# Gentoo am Grazer Linuxtag

## amne

Wie schon im GWN verkündet wird Gentoo mit einem Stand (der unter anderem von meiner Wenigkeit besetzt sein wird) vertreten sein - wer in der Gegend ist, ist herzlich eingeladen einmal vorbeizuschauen, es dürfte sich auch aufgrund des Vortragsprogrammes auszahlen. 

Ort: FH Joanneum, Graz

Zeit: 20. 5. 2006

Weitere Details siehe im oben verlinkten Artikel und auf http://linuxtage.at/

----------

## Fabiolla

Hallo,

da doch einige Ösis  :Wink:  im Forum sind wollt ich mal fragen, ob jemand auf die Grazer Linuxtage am 19/20 Mai 2006 fährt ?
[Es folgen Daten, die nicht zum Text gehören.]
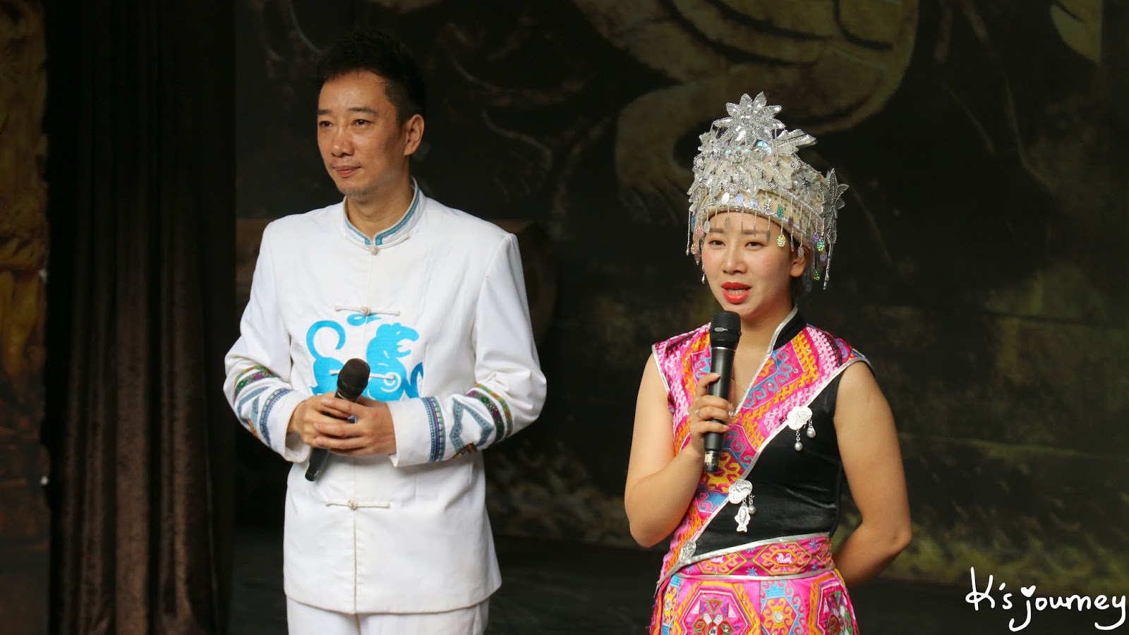 除了幺哥幺妹(當地對年輕男女的稱呼)的歌舞表演,主持人還會邀請觀眾上台唱《六口茶》,恩施傳唱度最高的(把妹)山歌。內容大概就是男生搭訕女生,雙方曖昧在調情:

Programm -> http://www.linuxtage.at/ , lt. GWN gibt es auch einen Gentoo Stand.

lg

edit: Dieses Post diesem Thread hinzugefügt.

amne

----------

## amne

 *Fabiolla wrote:*   

> Hallo,
> 
> ...ob jemand auf die Grazer Linuxtage am 19/20 Mai 2006 fährt ?

 

Um genau zu sein: Am 19. ist der Business-Tag in Kapfenberg und am 20. der Community-Tag in Graz.

----------

## ro

Ich hoffe ich schaffe es hin. Am Businesstag is auch freier Eintritt (oder nur für Abgesandte von Firmen) - bis auf die Workshops mein ich? 

Weiss noch nicht ob ich am Samstag kann, aber wenn dann werd ich dich besuchen  :Wink: 

----------

## amne

 *ro wrote:*   

> Ich hoffe ich schaffe es hin. Am Businesstag is auch freier Eintritt (oder nur für Abgesandte von Firmen) - bis auf die Workshops mein ich? 

 

Ja, auch dort ist freier Eintritt.

----------